TomHCA: Yes, working with procurement suck, especially academic and government. How about other industries? Pharma or Finance for instance. I know Finance industry were quiet early adopters. Can you speak at all to how effective predictive models using text analytics have been in predicting stock price fr instance?
Seth Grimes: Yup, pharma. My buddy Breck Baldwin of Alias-I thinks it’ll be just a few years before a Nobel Prize award for physiology or medicine will have involved the use of text analytics — mining scientific and clinical literature — for drug discovery or related goals.
The modeling problem in finance is trickier. People have been looking for “systems” for a long time. It’s not irrelevant that the early development of statistics was linked to gambling or that “Monte Carlo” methods, named for a casino locale, are a key simulation technique. Gambling and finance are kissing cousins.
Now we understand that news can move markets and the possibility, via text analytics, to automate the extraction of information from news that can be incorporated into models. The trick is extracting the right signals, quickly, and linking it to all the rest of the market data that’s out there in ways that can reliably inform trading strategies.
Does it work? Got me. But there are certainly folks out there who are trying. Check out, for instance, Thomson Reuters News Analytics.
TomHCA: For others who want to get their hands real dirty, which computer languages you have found are better/worse for handling text analytics? And how about free/academic resources for sentiment and/or NLP?
Seth Grimes: There are lots of ways to do text analytics, and not all of them require getting deep into the technology. You can find a business focused solutions that address business needs and problems, for instance, for survey or qualitative research or social CRM (Customer Relationship Management). But you’re right, users who want to a highly performing solution may have to build (or extend) it themselves or work with a services provider that can handle that technology.
Do-it-yourselfers can try traditional, installed software. There are many choices, including open source tools such as GATE, RapidMiner and modules for programming languages such as Python and Java services.
Or check out as-a-service semantic tagging, accessed via a Web application programming interface. Examples are Thomson Reuters’ Calais and Evri, which focus on entities and terms; AlchemyAPI, which adds in concepts and topics; topic-focused TextWise; Open Amplify for relationships and intent signals; and Lexascope from Lexalytics and the Clarabridge API for
There are other options: Text-analysis solutions from companies including IBM, SAS, SAP, Attensity, TEMIS, Open Text, SRA, and others; search-focused technology from Autonomy, Endeca, Exalead, and Open Text; and a myriad of “listening platforms” that focus on social media.
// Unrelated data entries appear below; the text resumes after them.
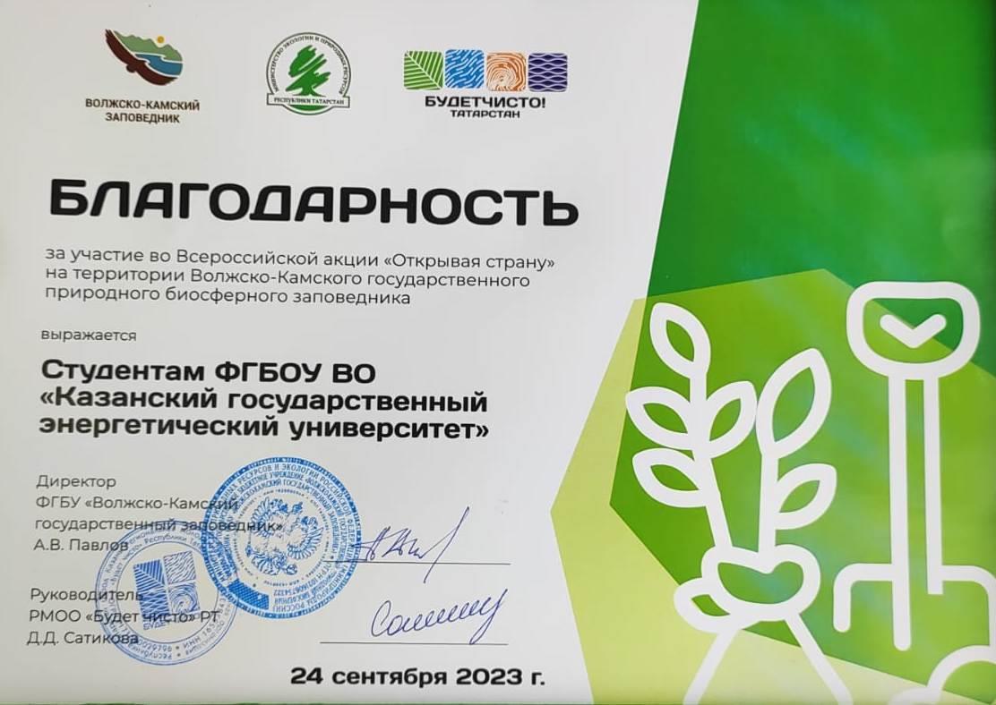 24 сентября во главе с доцентом Мирославой Котляр студенты кафедры «Инженерная экология и безопасность труда» группы ХТ-1-20 Инсаф Гайсин, Алмаз Зарипов, Ибрагимов Азамат, Елизавета Кочеткова, Айнур Салимов, Алмаз Шакиров, а также Хайретдинова Неля и Салихова Гузель (гр. ИЗ-2-23) приняли активное участие во Всероссийской акции «Открывая страну» на территории Волжско-Камского государственного природного биосферного заповедника. По итогам проведенного мероприятия всем участникам объявили благодарность.
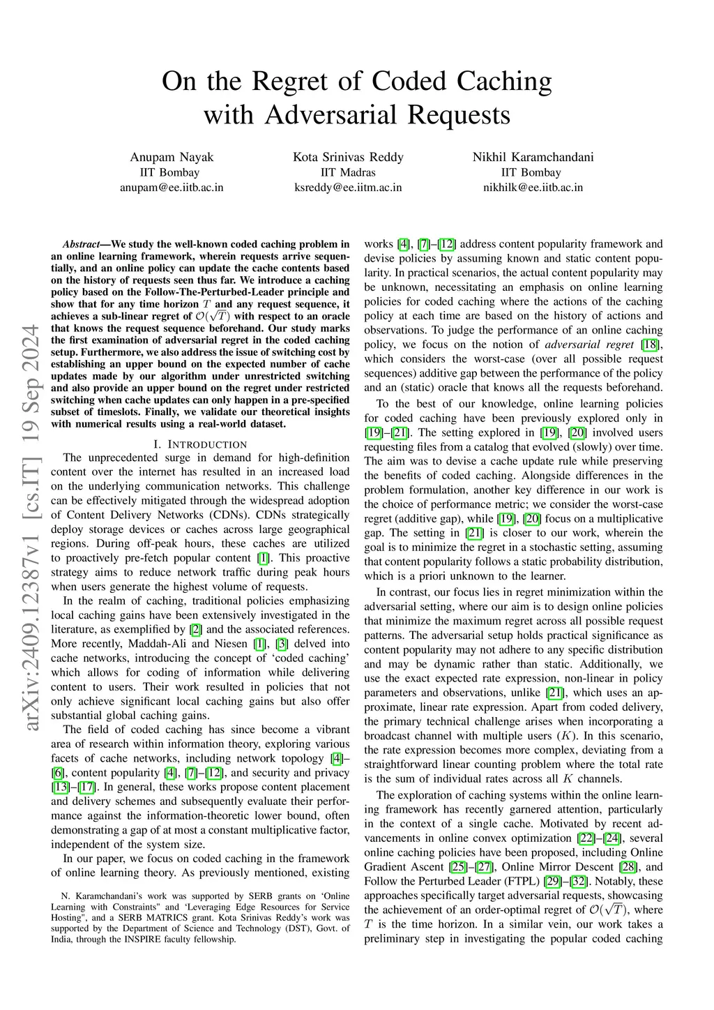 We study the well-known coded caching problem in an online learning framework, wherein requests arrive sequentially, and an online policy can update the cache contents based on the history of requests seen thus far. We introduce a caching policy based on the Follow-The-Perturbed-Leader principle and show that for any time horizon T and any request sequence, it achieves a sub-linear regret of \mathcal{O}(\sqrt(T) ) with respect to an oracle that knows the request sequence beforehand. Our study marks the first examination of adversarial regret in the coded caching setup. Furthermore, we also address the issue of switching cost by establishing an upper bound on the expected number of cache updates made by our algorithm under unrestricted switching and also provide an upper bound on the regret under restricted switching when cache updates can only happen in a pre-specified subset of timeslots. Finally, we validate our theoretical insights with numerical results using a real-world dataset
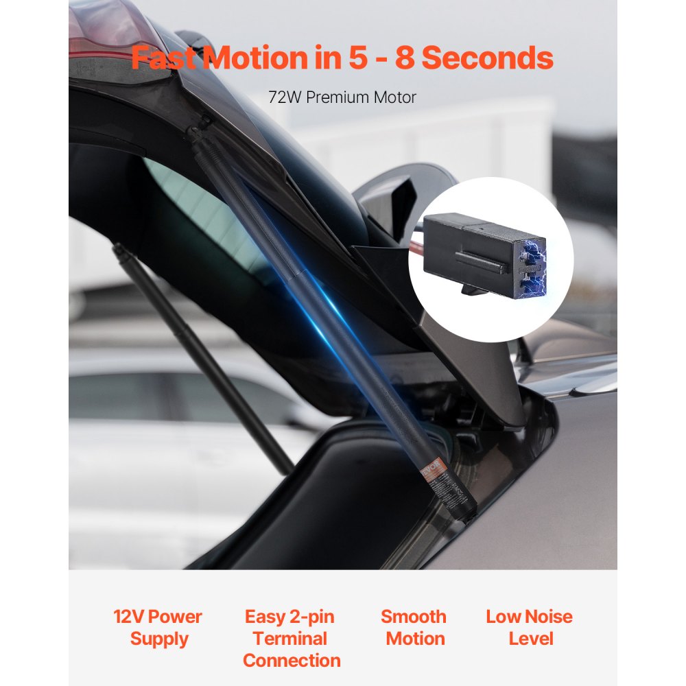 Motor de alta calidad: Este soporte de elevación eléctrica para portón trasero izquierdo y derecho está equipado con un motor de alta potencia de 72 W y una varilla de resorte de precisión para minimizar el impacto y garantizar un movimiento silencioso. El conector de 2 pines de una sola fila y la junta esférica garantizan una instalación suave y sin complicaciones

If you don’t mind a plug: Advising users on solutions and strategy, and vendors on product and market positioning, is a large part of my consulting practice. Also, folks who want to learn more will have a great opportunity at the up-coming Smart Content content analytics conference, October 19 in New York.
TomHCA: Thanks Seth, certainly continues to be an interesting time for us
Seth Grimes: Tom, thanks for the opportunity to do a bit of market education.
Text analytics and semantics can and should be part of Next Generation Market Research initiatives, so I was glad to have a chance to explain how.
TomHCA: Always a pleasure Seth
[More on Seth - Seth Grimes is an analytics visionary: A consultant, writer, and industry analyst working in text analytics, business intelligence, data analysis and visualization, and information strategy as applied to information-age challenges. Seth founded consultancy Alta Plana in 1997 and is a long-time contributing editor at TechWeb's IntelligentEnterprise.com, a channel expert at TechTarget's BeyeNETWORK, and founding chair of the Smart Content: The Content Analytics Conference, the Text Analytics Summit, and Sentiment Analysis Symposium.]